2. Crear las particiones

Se analizarán, en principio, los siguientes sistemas de archivos: ReiserFS, EXT2, EXT3, XFS y JFS (si queréis añadir alguno no tenéis más que pedirlo).

(este hilo esta en permanente desarrollo)

......

Saludos y gracias

----------

## aj2r

Pues voy a hacer la primera contribución, y si me equivoco en lo que digo corregidme   :Razz: 

Para reiserfs, a la hora de montarlo, existe la opción notail, que lo hace un poco más rápido y menos consumidor de CPU a cambio de no realizar el empaquetado de colas, una de las características que más me gustan de reiserfs y que hace que sea el sistema de ficheros que mejor aprovecha el espacio físico (aunque reiser4 lo hace aún mejor).

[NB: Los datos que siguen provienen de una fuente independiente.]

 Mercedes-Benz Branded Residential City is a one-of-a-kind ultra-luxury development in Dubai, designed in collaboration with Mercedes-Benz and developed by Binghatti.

Para reiserfs y ext3 existe la opción de montaje data que puede tomar tres valores:

data=writeback

En el modo data=writeback, no se hace journalling de los datos, sólo de los metadatos. Aunque con esta opción se consigue el mejor rendimiento, si se produce un apagón repentino es probable que los últimos ficheros modificados se corrompan.

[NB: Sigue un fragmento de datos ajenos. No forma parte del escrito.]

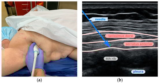 Serratus anterior plane block: (a) placement of the probe at the fourth-rib level for SAPB; (b) an ultrasound image of the serratus anterior and latissimus dorsi muscles.
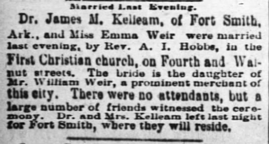 Dr. Jason M. Kelleam died March 22, 1906, in Fort Smith, Arkansas, at the age of 46 years, 4 months,
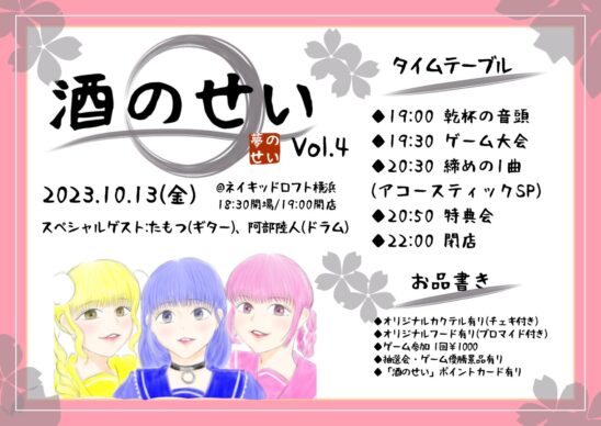 SCHEDULE 2023 10 13 Friday 酒のせい Vol.4 OPEN 18:30 - START 19:00 Tweet 【出演】youmenosay みんなでワイワイお酒を飲んだりゲームをしたりするゆる〜いイベント.ᐟ.ᐟ 気軽に集まれ〜💨 TICKET◎会場チケット 会場¥ 500(要2オーダー) ご入場順はウェブ予約→当日券となります。 Share このイベントの予約は締めきりました。
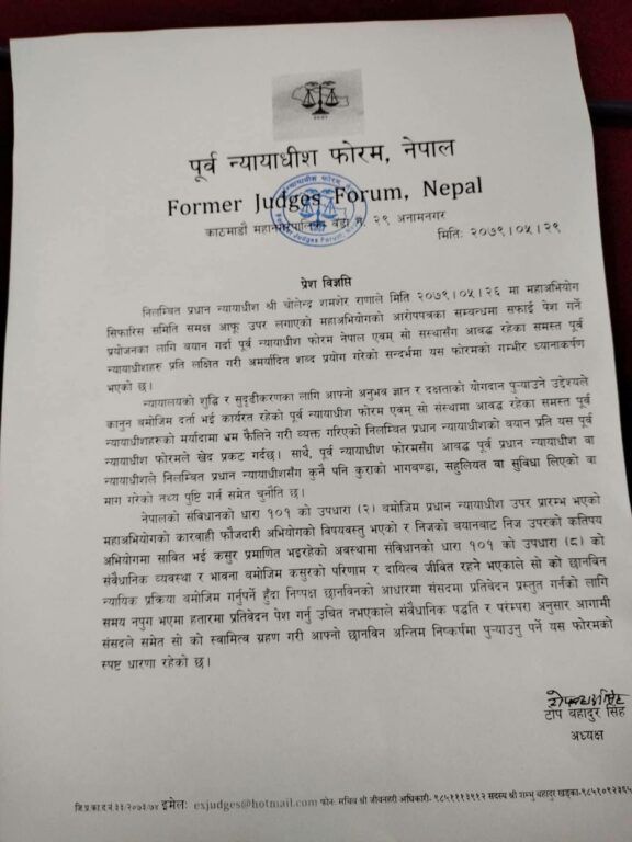 विज्ञप्तिमा भनिएको छ, ‘निलम्बित प्रधान न्यायाधीशको बयानप्रति पूर्व न्यायाधीश फोरमले खेद प्रकट गर्दछ। साथै, पूर्व न्यायाधीश फोरमसँग आवद्ध पूर्व प्रधान न्यायाधीश वा न्यायाधीशले निलम्बित प्रधान न्यायाधीशसँग कुनै पनि कुराको भागबण्डा, सहुलियत वा सुविधा लिएको वा माग गरेको तथ्य पुष्टि गर्न समेत चुनौति छ।’
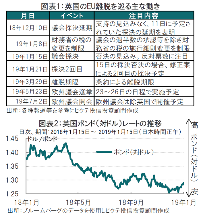 英国議会(下院)は2019年1月15日に、欧州連合(EU)との離脱合意案の是非を採決する予定です。市場予想では、与野党双方に合意案への反発が強く、否決される公算が高まっています(図表1参照)。
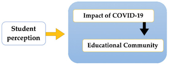 The hermeneutic exercise that is practiced in this research allows, from the subjectivity of the actors present in the process, to find an understanding of the potential of the experiences of the protagonists [42], in this case, educational, social and health, to better understand the impact of COVID-19 on the health of the educational communities. Additionally, teleologically, the application of the qualitative methodology allows the testimonies of the practices to be interpreted for the purpose of knowing the reality better [43]. In order to understand this adequately, it is necessary to turn to the context and the cultural matrix of the one who produces the text (in its broad sense as a source), and to understand that hermeneutic rationality and certainty are achieved “by turning to the linguistic and communicative terrain, when we appeal to the texts themselves, to the words, to the arguments of rhetorical discourse, to the sense and to the intersubjective meanings—the conviction by the word” [44] (p. 61). In this case, we appeal to the knowledge of the perception of teachers in their initial training of the impact of COVID-19 on the relationships among members of educational communities (Figure 1).
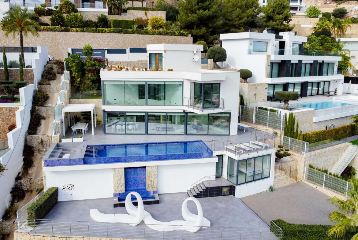 In der prestigeträchtigen Wohngegend Raco de Galeno, nur 1.500 Meter vom Mittelmeer entfernt, steht diese außergewöhnliche Villa, die alles bietet, was Sie sich wünschen können. Mit spektakulärem Meerblick, dem ikonischen Peñón de Ifach und einem unvergleichlichen Design ist dies die Immobilie für diejenigen, die ultimativen Luxus und Komfort suchen. Die Villa erstreckt sich über 3 Etagen, die durch einen Aufzug verbunden sind, auf einem großzügigen Grundstück von 1.800 m². Mit einer bebauten Gesamtfläche von nicht weniger als 770 m² bietet diese Immobilie viel Platz für Entspannung, Unterhaltung und Privatsphäre. Dank des cleveren Grundrisses ist das Anwesen sowohl von oben als auch von unten zugänglich. Oben gibt es einen Parkplatz für drei Fahrzeuge und einen direkten Zugang über einen Aufzug oder eine Treppe zu den unteren Etagen. Im unteren Teil des Grundstücks finden Sie weitere Parkplätze auf verschiedenen Ebenen, so dass Sie auch auf der Ebene des Erdgeschosses parken können. Außerdem gibt es einen Parkplatz für zwei Autos unter einem Vordach. Das Erdgeschoss ist das Herzstück der Villa. Hier finden Sie ein großzügiges Wohnzimmer mit Essbereich und eine moderne, voll ausgestattete offene Küche mit Bar und gekühltem Weinkeller. Die doppelte Decke und die hohen Fenster schaffen ein beeindruckendes Gefühl von Licht und Raum. Für zusätzlichen Komfort stehen eine Waschküche und ein Gäste-WC zur Verfügung. Auf der Ostseite befindet sich eine große Sommerküche, perfekt für das Kochen im Freien und gemütliche Abendessen. Vor dem Wohnzimmer erstreckt sich ein großzügiger Außenbereich mit einem luxuriösen Pool und einer bioklimatischen Pergola, unter der Sie mit bis zu 12 Personen speisen können. Ein eingebauter Sitzbereich neben dem Pool bietet Schutz vor dem Wind und einen unschlagbaren Meerblick. Im Obergeschoss befinden sich drei geräumige Schlafzimmer, jedes mit eigenem Bad en suite. Eines der Zimmer hat eine eigene Terrasse und von allen Zimmern aus genießen Sie einen atemberaubenden Panoramablick auf das Meer. Das Untergeschoss ist ganz dem Wellness und der Entspannung gewidmet. Hier finden Sie einen luxuriösen Fitnessraum, einen großen Innenpool mit Liegebereich, eine Zedernsauna und ein viertes Schlafzimmer mit eigenem Bad und Meerblick. Dieses Schlafzimmer ist sowohl vom Haus als auch vom Garten aus zugänglich, so dass es sich ideal als Gästeunterkunft eignet. Im unteren Teil des Grundstücks befindet sich ein charmantes Gästehaus von 20 m², das für das Personal oder als zusätzliches Gästezimmer genutzt werden kann. Vor dem Cottage befindet sich ein Boccia-Platz, der auf Wunsch in einen Paddle-Platz umgewandelt werden kann. Dank der Süd-Ost-Ausrichtung können Sie auf den verschiedenen Terrassen rund um die Villa den ganzen Tag die Sonne genießen. Raco de Galeno ist eine exklusive Urbanisation, die in den Hügeln von Benissa Costa liegt. In nur wenigen Minuten sind Sie an der wunderschönen Küste von Benissa, die für ihre idyllischen Strände und ihr kristallklares Wasser bekannt ist. Das belebte Zentrum von Calpe mit seinen ausgedehnten Sandstränden und vielen Annehmlichkeiten erreichen Sie in 10 Minuten. Diese Villa in Raco de Galeno ist eine einzigartige Gelegenheit, luxuriös und stilvoll zu wohnen und dabei moderne Architektur, Komfort und eine unschlagbare Lage zu kombinieren.
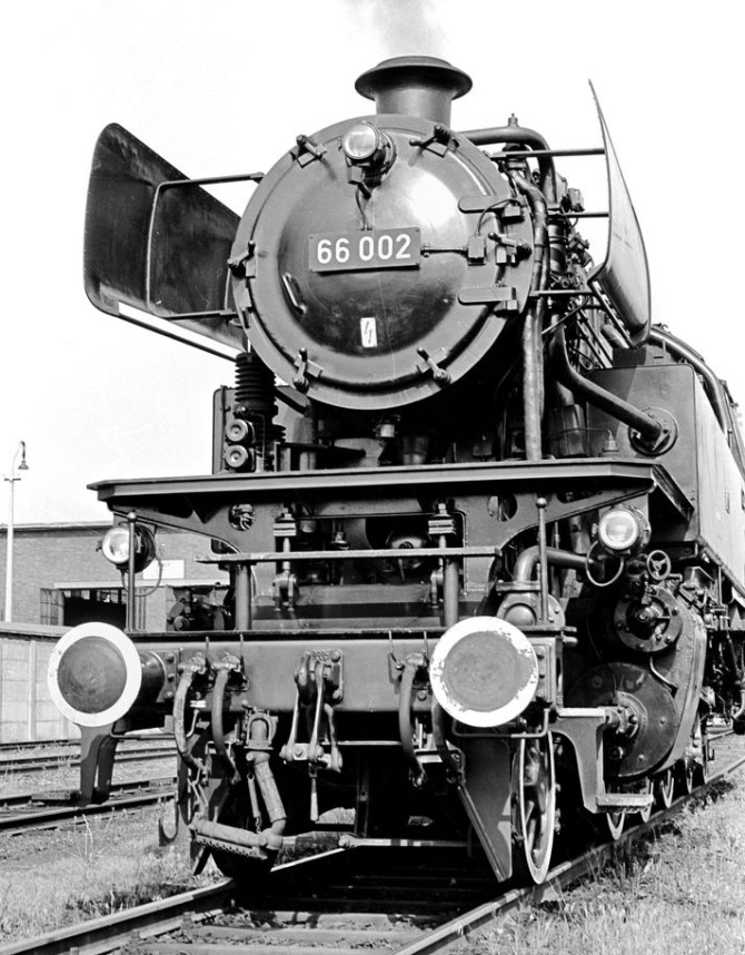 Die neue (noch nicht abgenommene) 66 002 im Oktober 1955 im Bw Frankfurt-Griesheim.
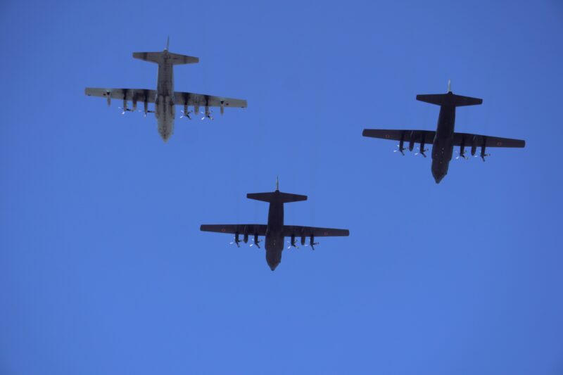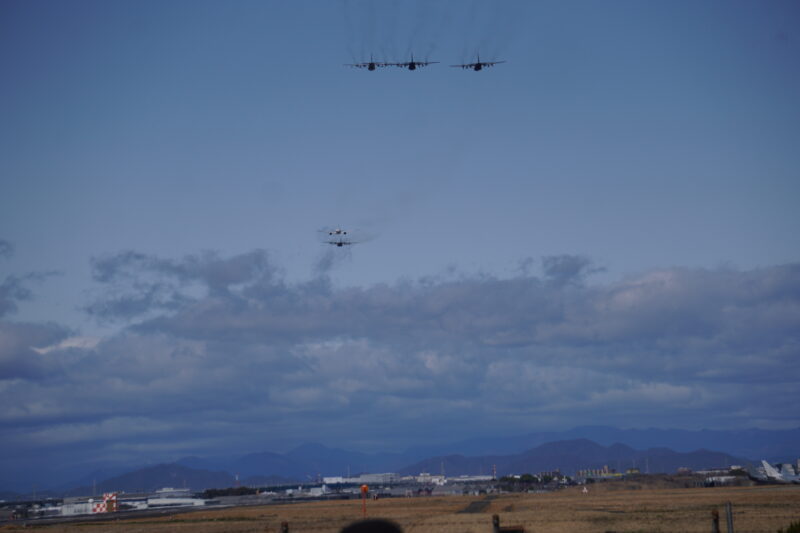 直後にCー130の3機編隊が後を追いかけて行きました。(2026.2.28 11:36)

data=ordered (modo por defecto)

En este modo sólo se hace journalling de los metadatos, pero agrupa de forma lógica metadatos y bloques de datos en unidades llamadas transacciones. A la hora de escribir los metadatos al disco, primero se escriben los datos asociados. Este modo solventa la corrupción de datos y sin requerir el journalling de todos los datos. En general es un poco menos eficiente que writeback, pero significativamente más rápidp que un journalling completo.

data=journal mode

En este método se realiza journal de todos los datos y metadatos. Todos los datos son escritos primero en el "journal" y luego en su localización final.

----------

## pacho2

Muchas gracias por tu contribución  :Smile: 

Saludos

----------

## aj2r

Añadir que reiserfs no sólo mete en un mismo nodo hoja varias colas(tails) sino que también las comprime, y por eso principalmente consume más CPU y tiempo y consigue tan buenos resultados.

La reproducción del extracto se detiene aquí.